- **ASSIGNMENT**: Each line of the records has to be copied exactly, though the pictures must be left out.

- **Stored records**:

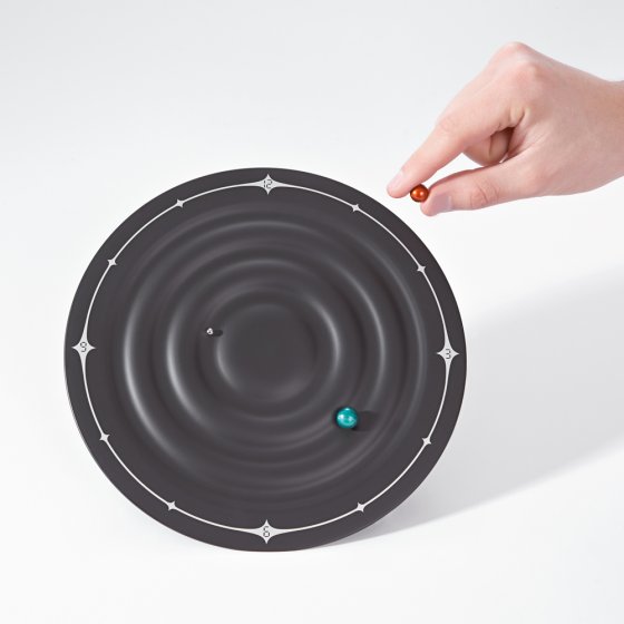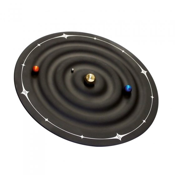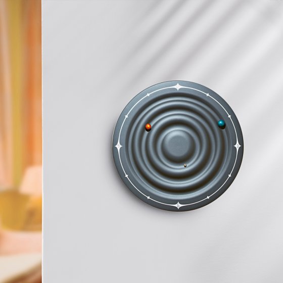 Kijk op "tijd en ruimte": de magneet klok laat planeten draaien.
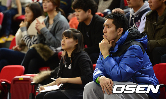 4쿼터 상무에서 제대한 기승호가 벤치에서 경기를 지켜보고 있다. /jpnews@osen.co.kr
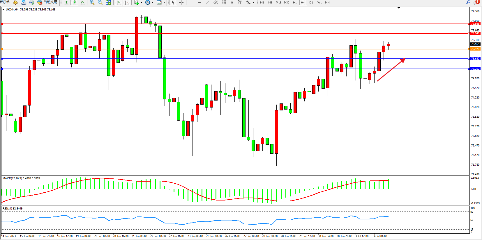 交易策略:75.970上方看涨,目标76.540  76.888
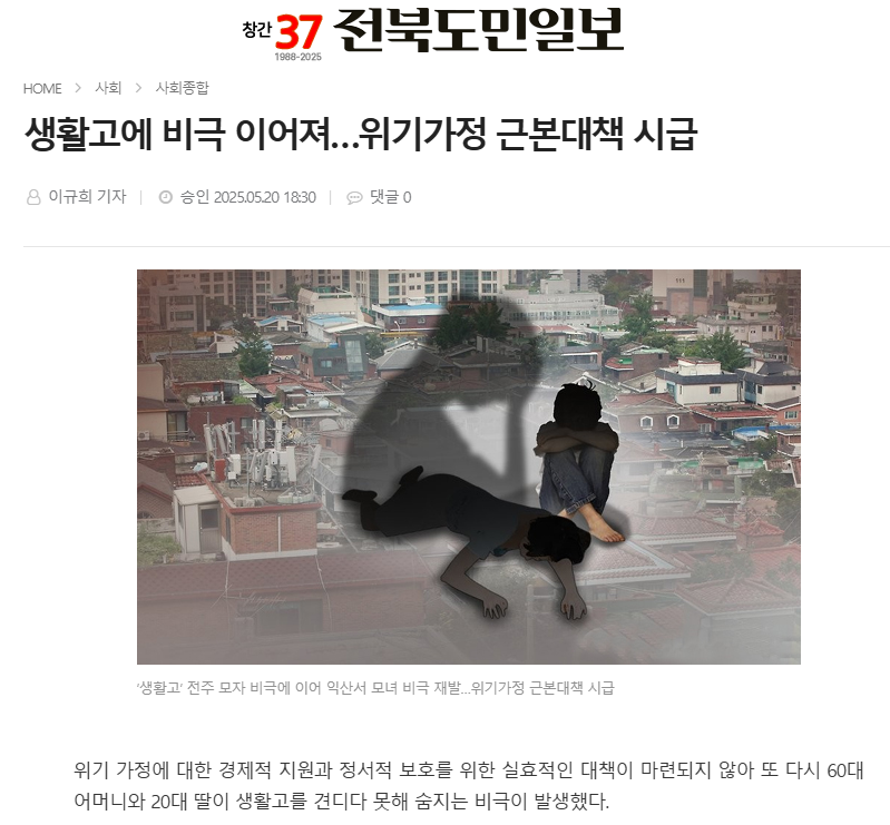 오늘 자 전북도민일보는 “2023년 9월 전주에서 40대 어머니가 생활고를 겪다 숨진 채 발견됐고 함께 있던 4살배기 아들이 의식을 잃은 채 구조되는 사고가 발생한 지 1년 8개월 만이다. 복지 사각지대에 놓인 위기 가정의 비극이 반복됐다.”라며 반복된 비극이 보여주는 현행 복지 제도의 한계를 지적했습니다. 해당 기사에서 서정희 군산대학교 사회복지학과 교수는 “수급자가 꾸준히 자신의 빈곤 상태와 근로 능력 등을 입증해야 하는 구조로 한계가 명확”해 보편적인 복지 정책으로 전환이 필요하다고 주장했습니다.
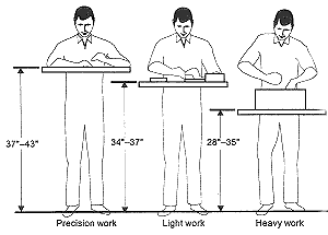 Key factors to be considered will include what the hands need to do, where the feet need to be placed,, what surface is being stood on and how stable it is, the head position and eye level / sight lines. The task itself will also determine the correct height at which the workstation is set as precision work requires greater support for the upper limbs while heavy work needs the body weight to be brought to bear during the execution of the task. The following give some indication of what is needed.
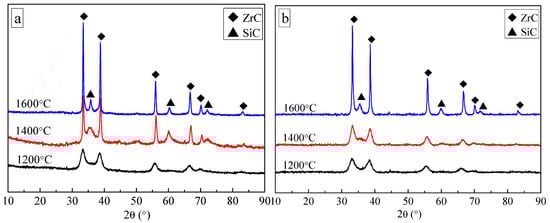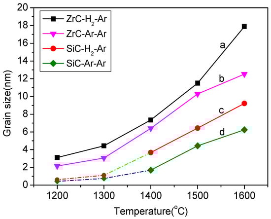 Compared the results shown in Figure 3a,b, it is concluded that the diffraction peaks of crystalline SiC formed by the Ar–Ar process at 1200 °C are close to those appeared by the H2–Ar process. With the temperature up to 1400 °C or 1600 °C, the diffraction peak shapes of crystalline ZrC formed via the H2–Ar process become sharper than those formed via the Ar–Ar process. It is also very clear that the crystallinity of SiC formed via the H2–Ar process is better than that via Ar–Ar process when the heat treatment is up to 1600 °C. That is, the introduction of H2 atmosphere below 1000 °C has effect on the growth of ZrC and SiC grain sizes at 1600 °C, which is got to know via the following analysis.
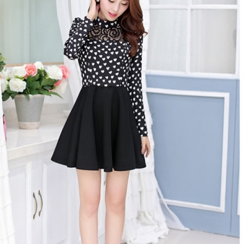 Sweet Hearts Print Long Sleeve Gathered Waist Dress

- **TASK SOLUTION**:
 Kijk op "tijd en ruimte": de magneet klok laat planeten draaien.
 4쿼터 상무에서 제대한 기승호가 벤치에서 경기를 지켜보고 있다. /jpnews@osen.co.kr
 交易策略:75.970上方看涨,目标76.540  76.888
 오늘 자 전북도민일보는 “2023년 9월 전주에서 40대 어머니가 생활고를 겪다 숨진 채 발견됐고 함께 있던 4살배기 아들이 의식을 잃은 채 구조되는 사고가 발생한 지 1년 8개월 만이다. 복지 사각지대에 놓인 위기 가정의 비극이 반복됐다.”라며 반복된 비극이 보여주는 현행 복지 제도의 한계를 지적했습니다. 해당 기사에서 서정희 군산대학교 사회복지학과 교수는 “수급자가 꾸준히 자신의 빈곤 상태와 근로 능력 등을 입증해야 하는 구조로 한계가 명확”해 보편적인 복지 정책으로 전환이 필요하다고 주장했습니다.
 Key factors to be considered will include what the hands need to do, where the feet need to be placed,, what surface is being stood on and how stable it is, the head position and eye level / sight lines. The task itself will also determine the correct height at which the workstation is set as precision work requires greater support for the upper limbs while heavy work needs the body weight to be brought to bear during the execution of the task. The following give some indication of what is needed.
 Compared the results shown in Figure 3a,b, it is concluded that the diffraction peaks of crystalline SiC formed by the Ar–Ar process at 1200 °C are close to those appeared by the H2–Ar process. With the temperature up to 1400 °C or 1600 °C, the diffraction peak shapes of crystalline ZrC formed via the H2–Ar process become sharper than those formed via the Ar–Ar process. It is also very clear that the crystallinity of SiC formed via the H2–Ar process is better than that via Ar–Ar process when the heat treatment is up to 1600 °C. That is, the introduction of H2 atmosphere below 1000 °C has effect on the growth of ZrC and SiC grain sizes at 1600 °C, which is got to know via the following analysis.
 Sweet Hearts Print Long Sleeve Gathered Waist Dress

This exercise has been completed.